--- Input data ---

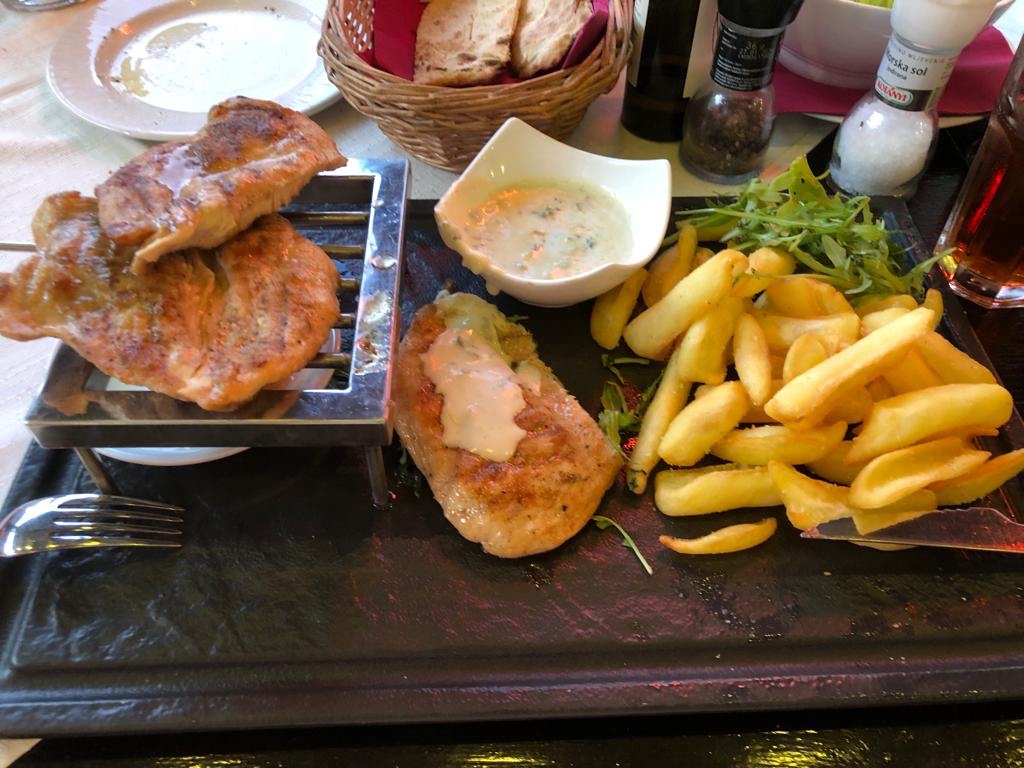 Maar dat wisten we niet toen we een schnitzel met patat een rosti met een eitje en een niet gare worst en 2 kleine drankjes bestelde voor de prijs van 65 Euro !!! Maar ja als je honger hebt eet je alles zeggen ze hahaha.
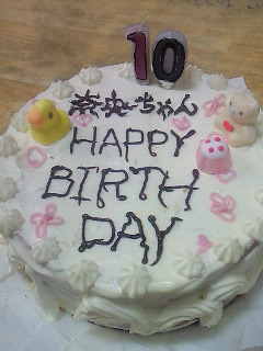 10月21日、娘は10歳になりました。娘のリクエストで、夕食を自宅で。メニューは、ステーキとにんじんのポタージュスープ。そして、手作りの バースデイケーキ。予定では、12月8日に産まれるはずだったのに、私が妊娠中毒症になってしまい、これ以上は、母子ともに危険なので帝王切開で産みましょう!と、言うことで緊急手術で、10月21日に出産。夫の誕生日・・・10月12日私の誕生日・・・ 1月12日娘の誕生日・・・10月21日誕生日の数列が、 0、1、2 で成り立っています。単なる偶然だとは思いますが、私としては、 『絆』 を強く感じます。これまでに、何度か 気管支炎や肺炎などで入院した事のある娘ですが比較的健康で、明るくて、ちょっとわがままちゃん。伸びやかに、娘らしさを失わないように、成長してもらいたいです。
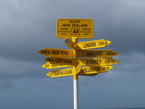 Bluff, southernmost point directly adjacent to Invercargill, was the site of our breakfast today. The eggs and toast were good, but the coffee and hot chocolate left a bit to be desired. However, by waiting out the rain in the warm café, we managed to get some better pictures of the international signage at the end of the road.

---

■ Assignment: Reproduce the material exactly. Pictures stay out.

■ Solution for this exercise:
 Maar dat wisten we niet toen we een schnitzel met patat een rosti met een eitje en een niet gare worst en 2 kleine drankjes bestelde voor de prijs van 65 Euro !!! Maar ja als je honger hebt eet je alles zeggen ze hahaha.
 10月21日、娘は10歳になりました。娘のリクエストで、夕食を自宅で。メニューは、ステーキとにんじんのポタージュスープ。そして、手作りの バースデイケーキ。予定では、12月8日に産まれるはずだったのに、私が妊娠中毒症になってしまい、これ以上は、母子ともに危険なので帝王切開で産みましょう!と、言うことで緊急手術で、10月21日に出産。夫の誕生日・・・10月12日私の誕生日・・・ 1月12日娘の誕生日・・・10月21日誕生日の数列が、 0、1、2 で成り立っています。単なる偶然だとは思いますが、私としては、 『絆』 を強く感じます。これまでに、何度か 気管支炎や肺炎などで入院した事のある娘ですが比較的健康で、明るくて、ちょっとわがままちゃん。伸びやかに、娘らしさを失わないように、成長してもらいたいです。
 Bluff, southernmost point directly adjacent to Invercargill, was the site of our breakfast today. The eggs and toast were good, but the coffee and hot chocolate left a bit to be desired. However, by waiting out the rain in the warm café, we managed to get some better pictures of the international signage at the end of the road.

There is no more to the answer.